A couple of recent blogs discuss how the emphasis on randomized control trials (RCTs) in economics affects the type of research that is done. This blog by Chris Blattman talks about a potential arms race where each new RCT has to be ‘bigger and better’, with more ‘innovation’ in order to be published, and how that innovation requires researchers to have even more control over all design parameters.
Following on this, David McKenzie of the World Bank blogs that if more and more control over study parameters is required to get published, this would naturally lead researchers away from conducting RCTs of ‘messy’ interventions where parameters are not all fully controlled--most notably large-scale government programs--which in turn would seriously reduce the policy relevance of the research. He concludes that, with the exception of U.S. policy, “it is becoming harder to sell policy impact papers to top journals.” I also have previously written of the danger that the randomista revolution would limit the types of questions that are pursued by our best researchers (In defense of external validity). Rachel Glennerster of J-PAL then wrote this blog about conducting RCTs with governments in which she provides 5 short benefits alongside 6 lengthy costs and advises ‘even senior researchers’ to “think hard” before taking on an RCT with a government!

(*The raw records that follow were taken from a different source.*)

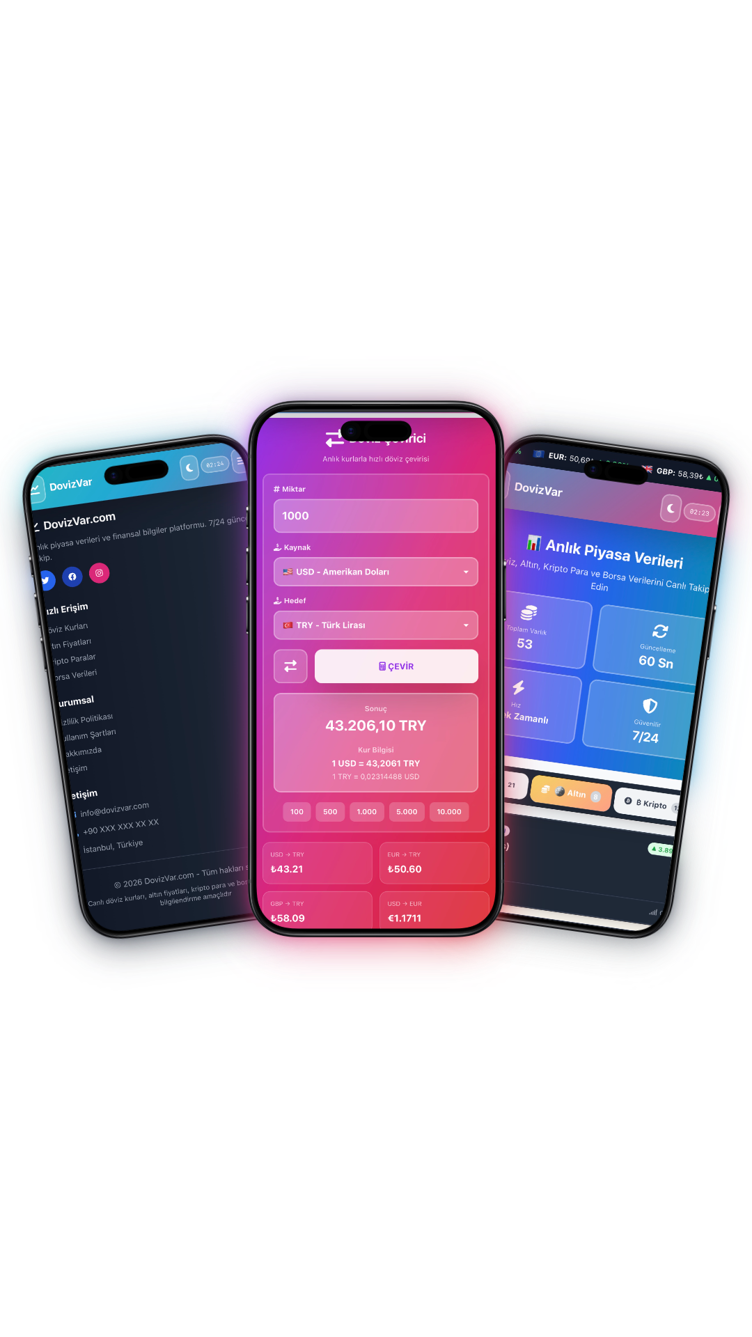 • 📈 Geniş Veri Yelpazesi: 22+ Döviz, 8+ Altın türü, Kripto paralar ve Borsa endeksleri.
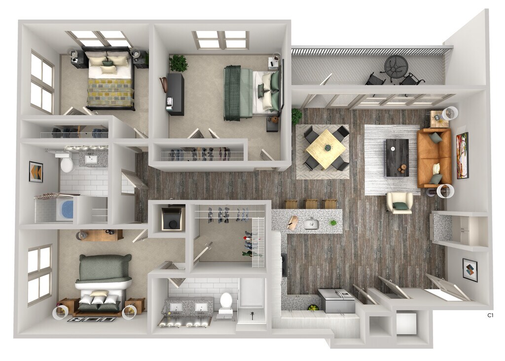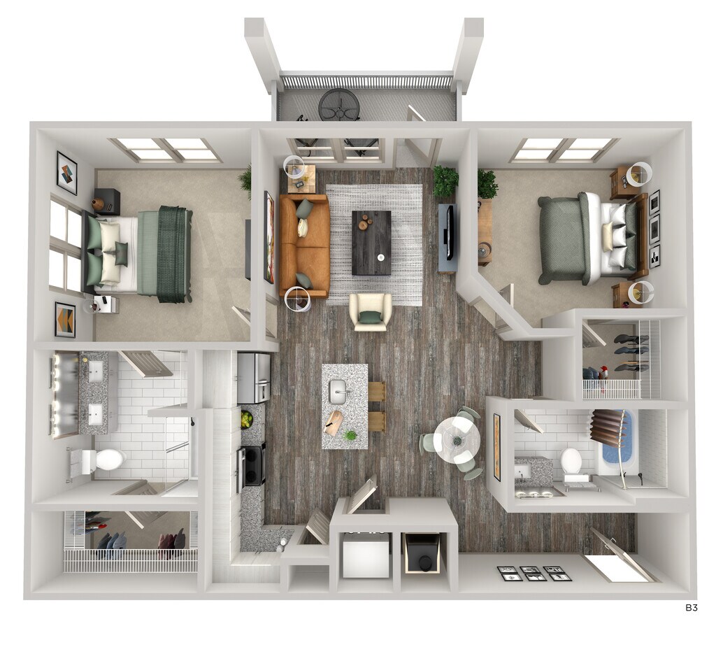 grvC1 - Floorplan 1 Apartment Unit: 1428Apartment Model: grvC13 Bedroom, 2 Bath, 1380 sq ftAvailable Now
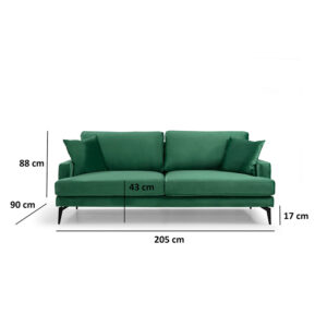 Καναπές 3θέσιος Fortune pakoworld βελούδο πράσινο-μαύρο 205x90x88εκ
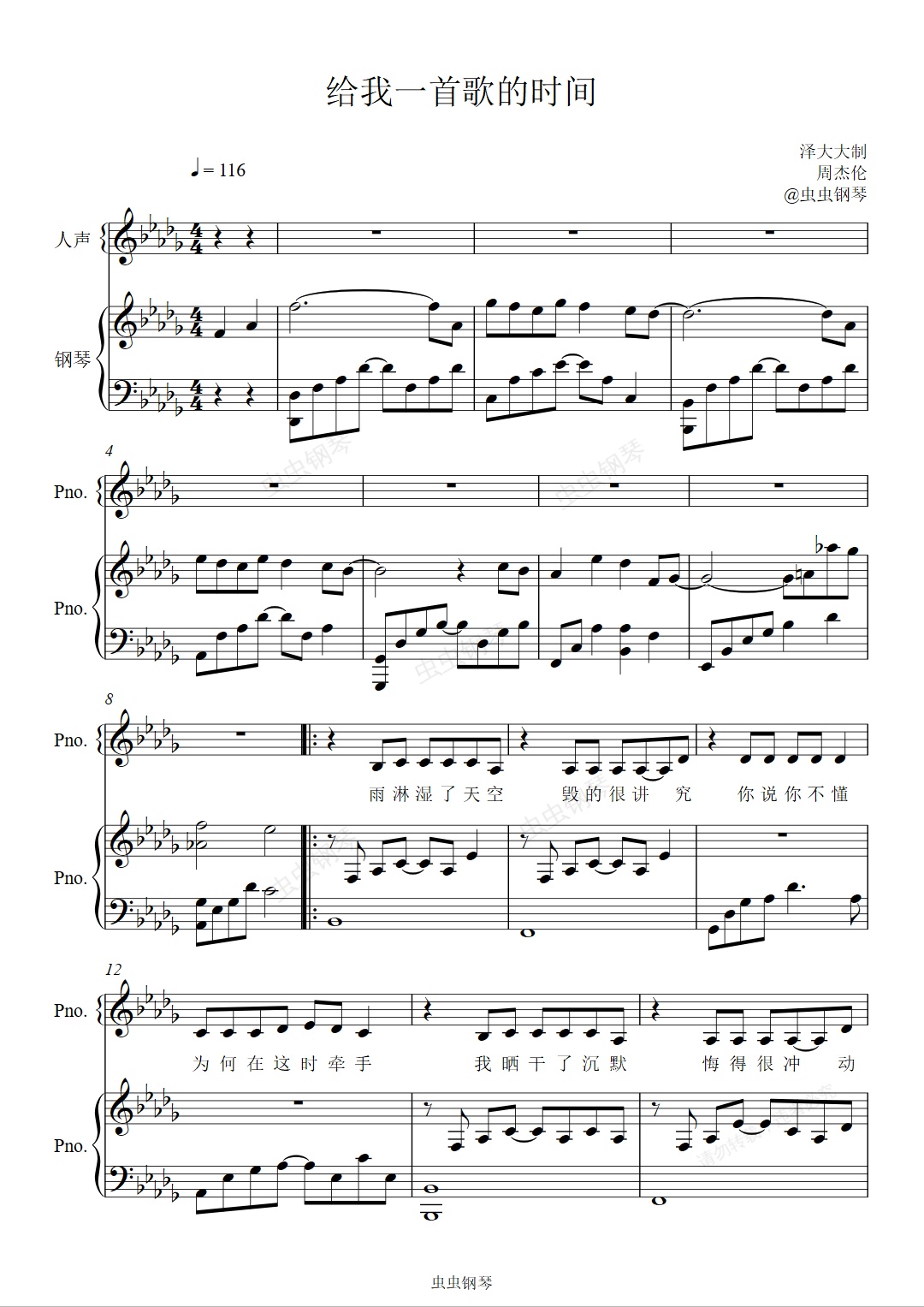 钢琴谱:给我一首歌的时间【原版弹唱附词】泽大大 周杰伦

Glennerster is with J-PAL who specializes in working with NGOs to design RCTS, but still, her blog prompted me to engage in some introspection—I have spent the last 7 years of my professional life helping to build The Transfer Project, which focuses on evaluating cash transfer programs in sub-Saharan Africa (SSA); the Transfer Project exclusively focuses on government programs and never considers working with NGOs. Why is it that I feel so passionately about working with governments, while senior colleagues shy away? Could I articulate this in a way that makes sense to researchers and evaluators in the economics profession? Here is my effort…
The aforementioned blogs focus on a particular ‘design’ or ‘tool’ for inferring causality. Blattman and McKenzie lament that the emphasis on the ‘tool’ is influencing the type of questions we are likely to see addressed, while Glennerster is completely focused on the tool as the primary objective of the research. Back when I was in graduate school, we were taught to fit the tool to the research question, to pick the strongest tool for the research question you want to answer. Glennerster’s position epitomizes, I believe, the current state of affairs in economics: young economists are now picking the research question to fit the tool rather than the other way around: “Where can I run an RCT?” rather than ‘What big question do I want to answer?”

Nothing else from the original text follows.